Gin Blossoms spent the early 90s making the kind of guitar-driven alternative rock that sounded effortless but wasn't. Formed in Arizona, they broke through with 1992's Dusted, but it was their second album, New Miserable Experience, that became inescapable. Hey Jealousy wasn't just a hit, it was the song everyone knew even if they didn't know they knew it. That song alone defined a particular flavor of 90s angst, the kind that came wrapped in jangly guitars and hookups gone wrong. They followed with Congratulations I'm Sorry and Let's Go Bowling, but by then the formula had calcified. After breaking up in 1997, they reunited and have been playing steady since. They're essentially a legacy act now, the kind of band that keeps touring because the songs still work live and people still want to hear them. No reinvention, no deep cuts gaining cult status. Just the hits, played reliably well.

Gin Blossoms shows are solid hits machines. Crowds are mixed ages, lots of people who grew up with MTV and people discovering them second-hand. Hey Jealousy gets the whole room singing. There's nostalgia but also genuine affection for the songs. They play tight, no drama.

Known for Hey Jealousy, Found Out About You, Till I Hear It from You, Follow You Down, Allison Road

Gin Blossoms rolled through Huber Park in August 2023, delivering the kind of set that balanced their biggest moments with deeper cuts that clearly still mean something to them. They opened with "Here Again" and built through the early-90s alt-rock playbook—"Follow You Down," "Lost Horizons," "Until I Fall Away"—songs that defined a specific moment when jangly guitars and self-deprecating vocals could soundtrack a generation. The real moment came later: "Allison Road" and "Found Out About You" hit differently in a room full of people who'd grown up with these songs, followed by the inevitable "Hey Jealousy" and closer "A Million Miles Away." Columbus has always supported bands from that era, and Gin Blossoms clearly remember why they belong here.

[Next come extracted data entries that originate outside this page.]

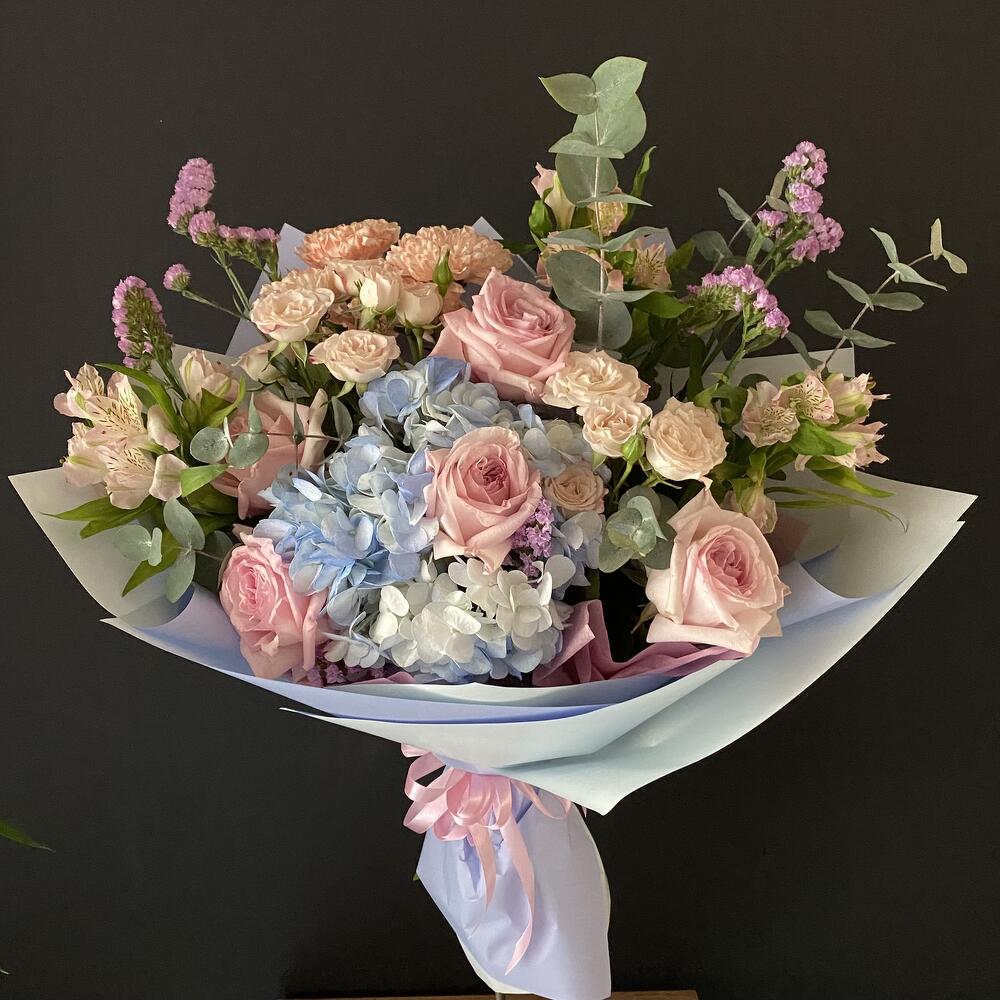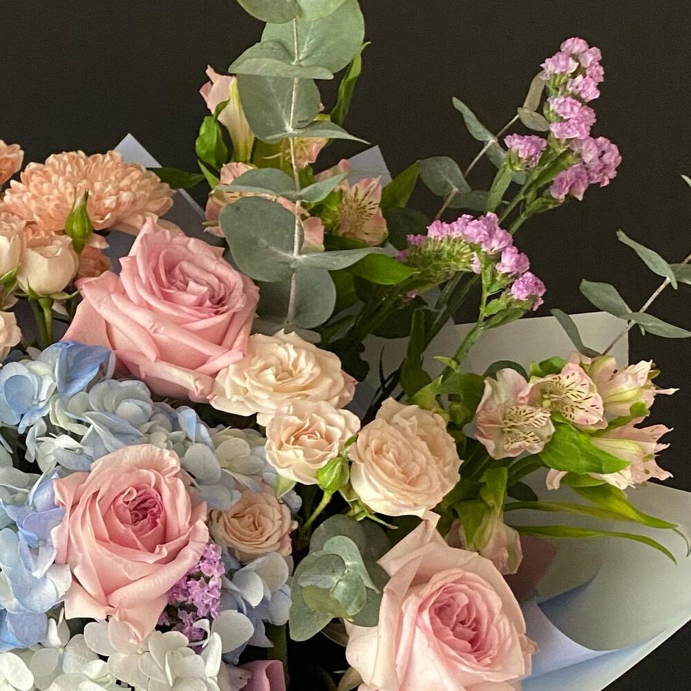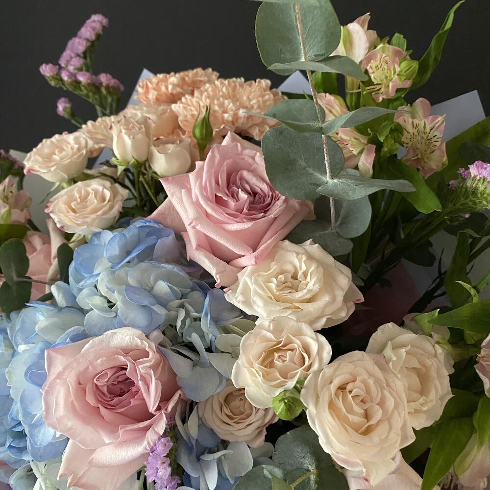 Альстроэмерия - 1 дана Гортензия - 1 дана Хризантема бұтасы - 1 дана Эвкалипт - 1 дана Дизайн күңгірт пленка - 1 дана Спрей роза - 2 дана сіздің тілектеріңізбен ашық хат - 1 дана роза эква - 5 дана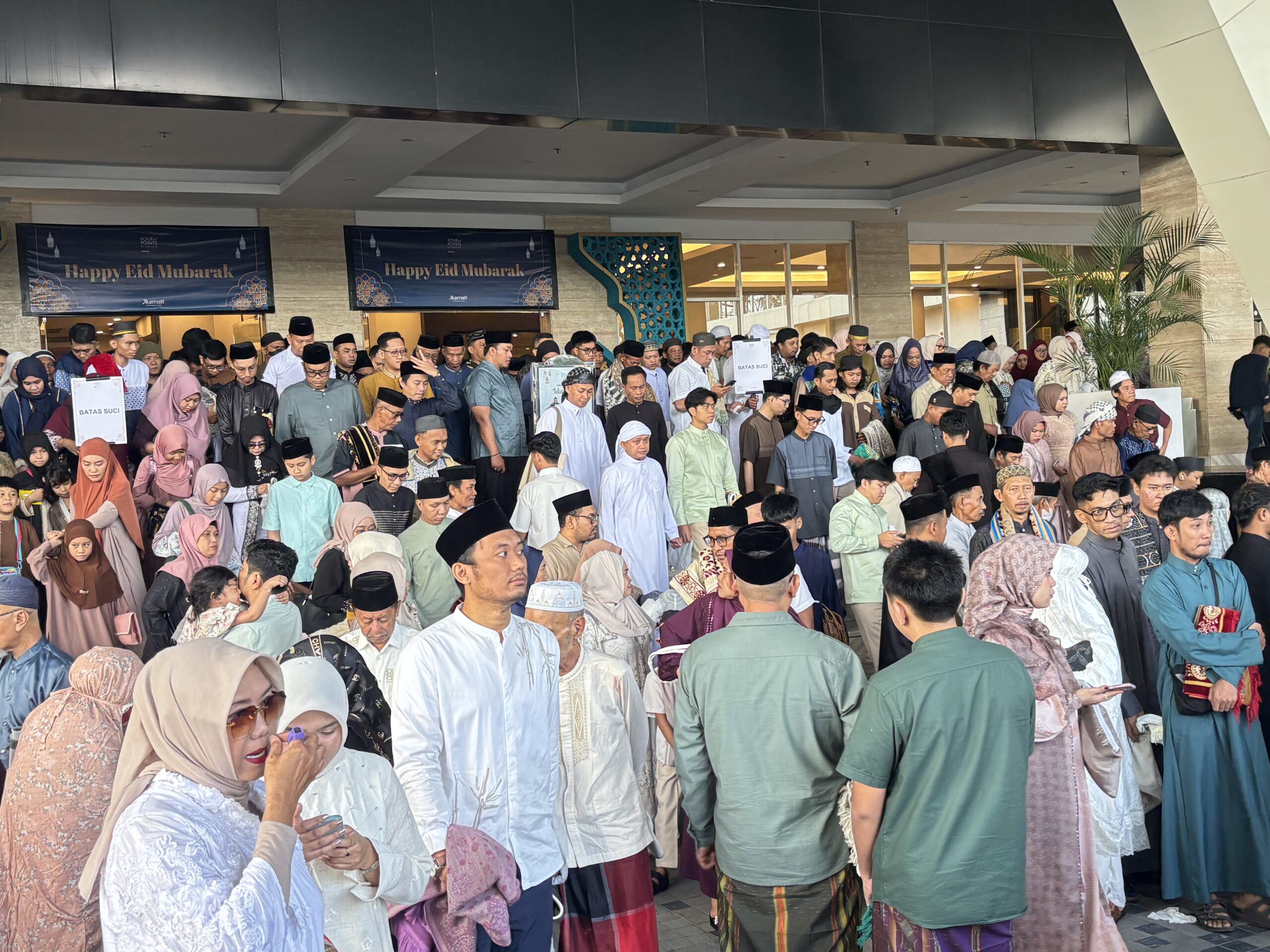 Ikonkata– Managemen Hotel Four Points by Sheraton kembali menjadi tempat ribuan umat Islam di Makassar sebagai lokasi Sholat Idul Fitri 1 Syawal 1447 yang jatuh pada Hari Sabtu, (21/3/2026). Panitia Hari Besar Hari Islam (PBHI) dari Masjid Amamah Bontolanra Makassar dan Baitul Rahmat mengatakan bahwa setiap tahun managemen hotel Four Points dan owner hotel menyediakan lokasi hotelnya sebagai lokasi sholat Idul fitri tanpa membebani pihak panitia. “Seluruh hasil kotak amal diserahkan kepada pengurus masjid Amamah dan Baitul Rahmat untuk kami jadikan sebagai operasional dan pembangunan masjid” ungkap panitia yang menyampaikan saat pengantar Sholat Idul Fitri.
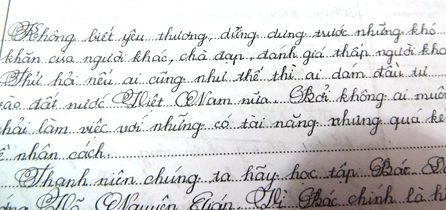 “Nhiều người cho rằng chữ viết bây giờ không quan trọng nhưng gia đình tôi luôn động viên, khuyến khích con giữ thói quen luyện chữ và đọc sách. Tôi muốn cháu rèn sự kiên nhẫn và biết yêu, biết quý cái đẹp, cái hay của tiếng Việt”, người mẹ bày tỏ.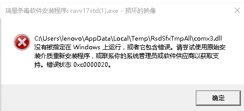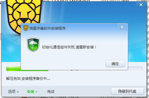 安装瑞星最新版本的ravv17std 瑞星杀毒软件完成后,立即出现报错提示窗。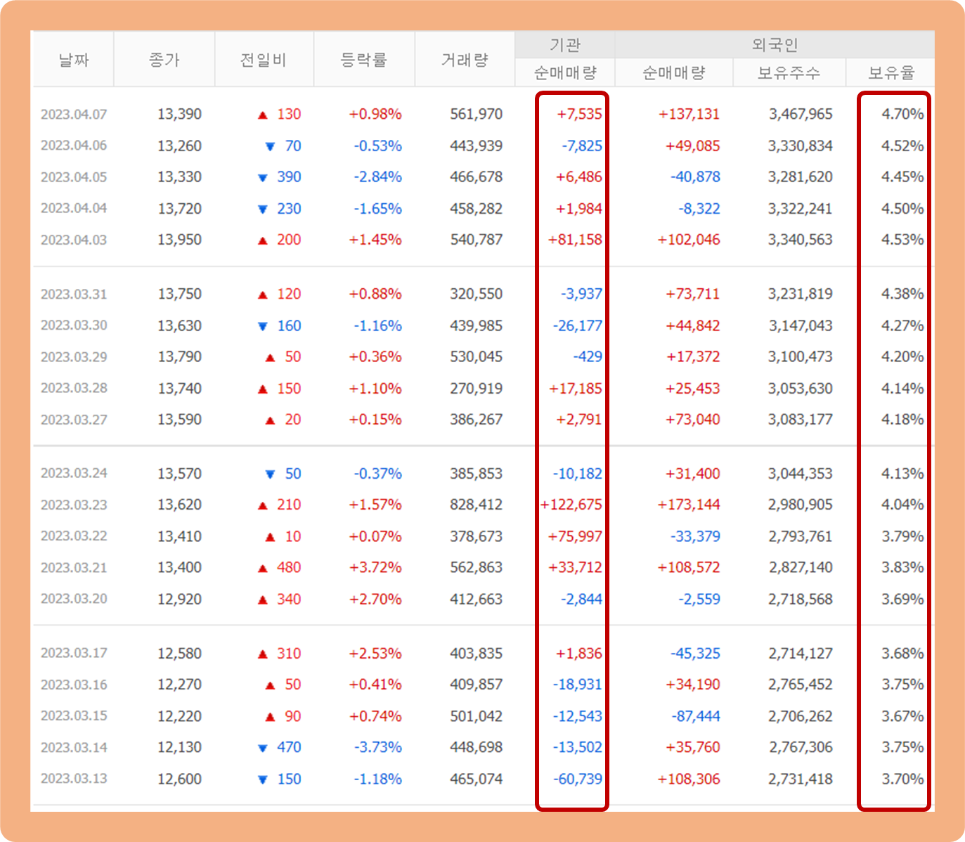 우선 기관투자자의 경우 지난 한 달 간 매수세가 매도세에 비해 조금 더 우위를 점하고 있구요.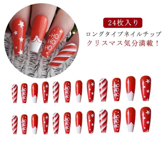 ロング ネイルチップ ロングバレリーナ バレリーナ ネイル スクエア ネイルチップ つけ爪 クリスマス 24枚入り ジェルネイルチップ 付け爪 ロング ジェルネイル ネイルチップ アートチップ ウィンターネイルチップ パーティー 送料無料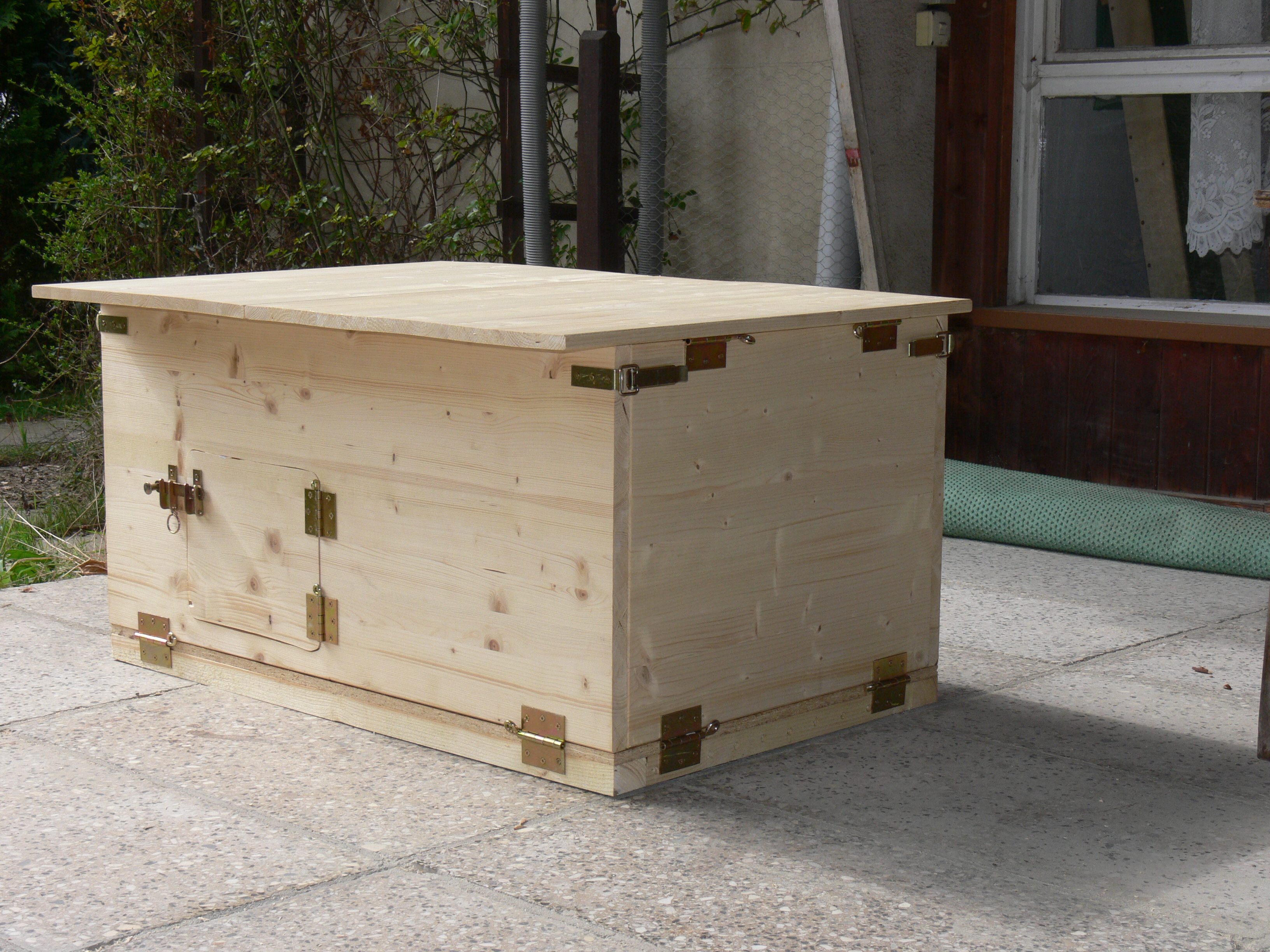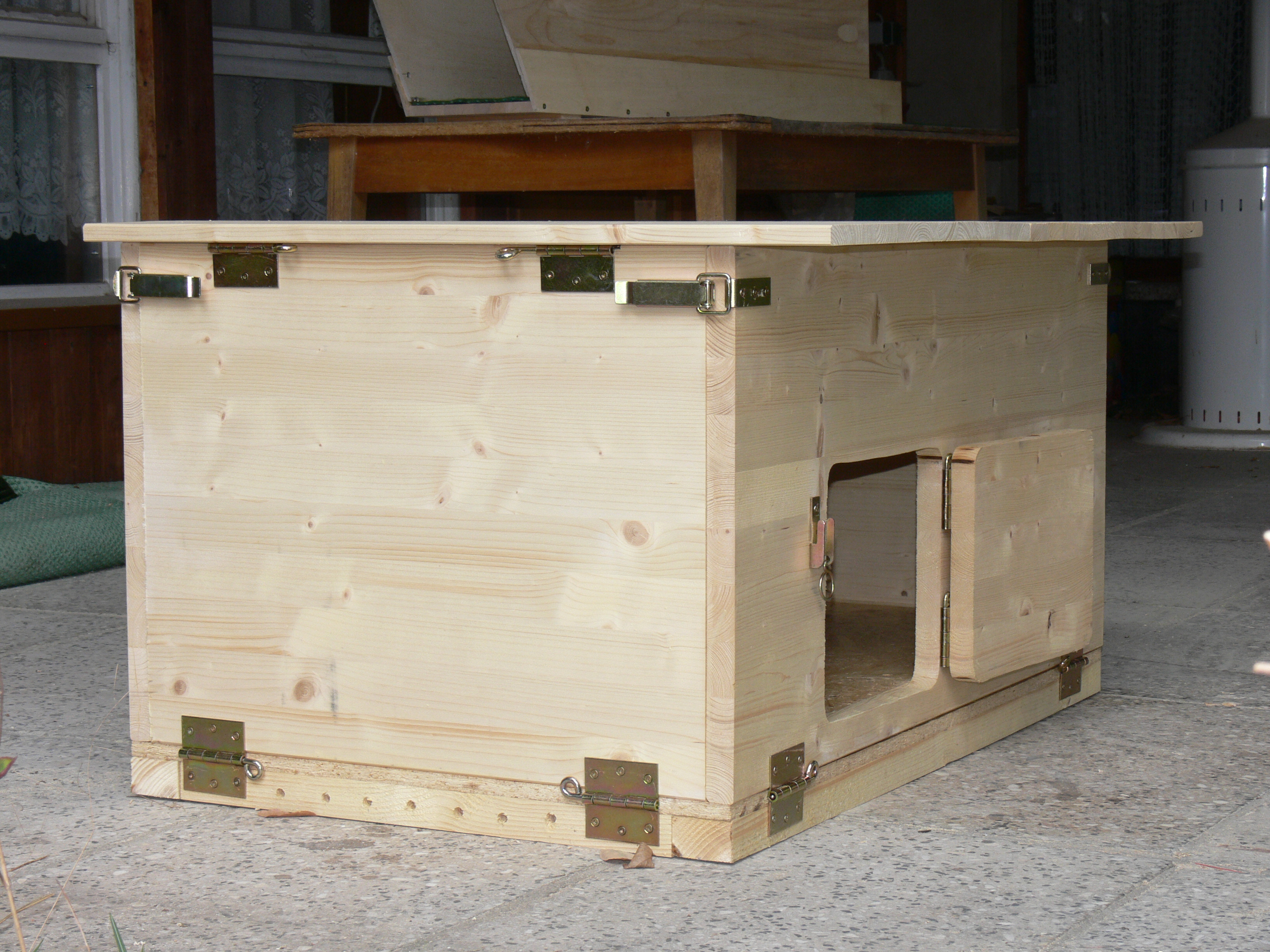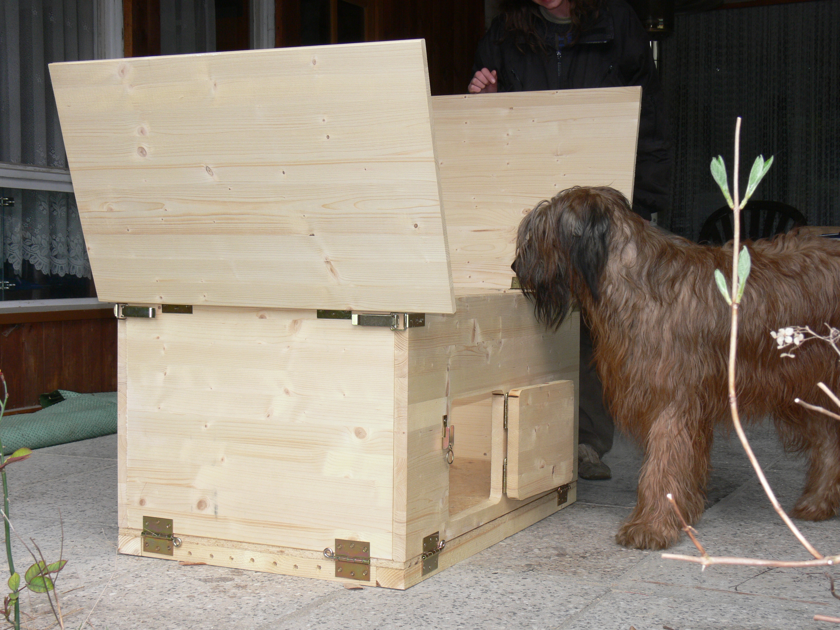 Damit die Welpen bei kühlem Wetter nicht immer ins Haus verfrachtet werden müssen, sobald sie einschlafen, ist ein Welpenhaus für die Terrasse entstanden. Gebaut nach bewährten Prinzipien, von Lilith bereits einmal inspiziert.

Columbus has maintained a solid connection to 90s alternative rock, the kind of genre that rewards both radio-friendly hooks and genuine musicianship. The city's venue landscape—from smaller clubs to outdoor parks like Huber—supports touring bands from that generation regularly. There's still an audience here for guitar-driven pop-rock that doesn't need irony as a shield, which is partly why Gin Blossoms and similar acts continue to draw crowds. The Midwest's music taste has always leaned practical rather than trendy.

Stay in German Village, where the restored brick townhouses and tree-lined streets feel like an actual neighborhood rather than a tourist zone. Dinner at Harvest Bistro on High Street for refined American food done without fuss. Spend the afternoon at the Columbus Museum of Art, then walk through the Short North corridor—the gallery district has real energy without feeling manufactured. Catch the show at Nationwide Arena, then grab drinks at Drinkery in German Village for something low-key.